Вторым — разузнать, что будет дальше.
Я пару раз беззвучно соединил ладони, а потом шепнул Соколову:
— Ложись! Минут пятнадцать подождем.
По губам читать я не умел, тем более по-немецки, но пантомима была достаточно выразительна: начальник поста — пехотный унтер — докладывал, стоя по стойке смирно, а эсэсовец время от времени задавал короткие вопросы. Наконец, спустя восемь минут, унтерштурмфюрер отдал команду «вольно» и отошел к своей машине. Оттуда ему немедленно протянули микрофон и наушники, и он принялся докладывать, как я догадался, «наверх». Эсэсовский лейтенант уложился в три минуты, а затем, вернув своему подчиненному радиопричиндалы, развил бурную деятельность: повинуясь взмахам его руки, четверо солдат спустились с дорожной насыпи и скрылись в кустах. «Ага, секреты выставили! — догадался я. — Так поздно уже, братцы! Даже если цистерну боржома выдуете — почки все равно тю-тю!» — мы в очередной раз переиграли противника по темпу, так что можно и позлорадствовать.
Еще две пары немцев были отправлены на противоположную от нас сторону дороги. Затем из машины вылез коренастый ганс с петлицами шарфюрера и направился к караульной будке, а «начальник-проверяльник» сел в машину и, сделав всем ручкой, укатил в сторону Минска.
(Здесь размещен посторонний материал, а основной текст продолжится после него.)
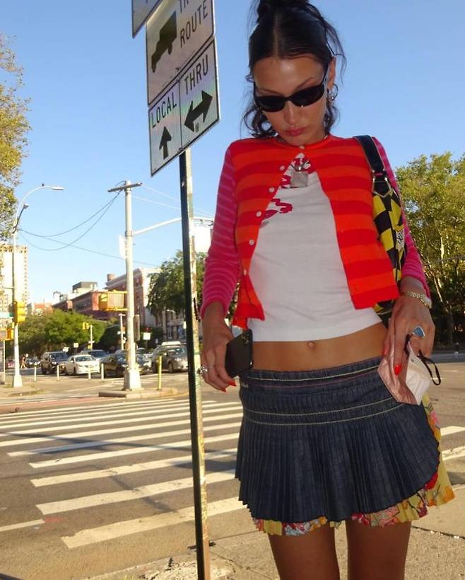 이 구역 로우웨이스트 잘알러 벨라 하디드. 로우웨이스트의 유행이 시작되기 전부터 벨라는 로우웨이스트에 그 누구보다 진심이였다! 비비드한 크롭가디건과 미니 스커트로 Y2K & 로우웨이스트 무드를 완벽하게 선보이는 중. 벨라의 손에 들린 마스크만 없었다면 모두들 X세대의 그 시절 사진이라고 깜빡 속았을지도 모르겠다!

Зуб даю, в кармане у оставшегося у моста унтера лежит какой-нибудь интересный жетончик, вроде тех, которыми мы немцев дурили! И вроде все немцы делают правильно, но, похоже, никому в голову из них не может прийти, что ловушка давно снаряжена, так что шансы наши на успех ох, как неплохи! Теперь только на финишной прямой не споткнуться…
* * *
«Двенадцать часов до момента истины осталось, а пока ничего не ясно!» — Фермер отвел взгляд от часов, светящиеся стрелки которых показывали пять минут пятого. Уже много лет Александр относился к своей работе со спокойной уверенностью профессионала, хорошо знающего свое ремесло. Но никогда еще ему не приходилось проводить такую серьезную операцию на свой страх и риск. «Ни прикрытия, ни помощи… Ну да мы хоть и не Александры Невские, но и не пальцем деланы! — Сам того не замечая, подполковник методично выщелкивал патроны из „тэтэшного“ магазина и машинально расставлял их в линию на столе. — Здесь и сейчас все должно быть тип-топ! Если, конечно, немчура лес прочесывать ДО акции не начнет… А вот там, у наших, нам как бы не сложнее придется…»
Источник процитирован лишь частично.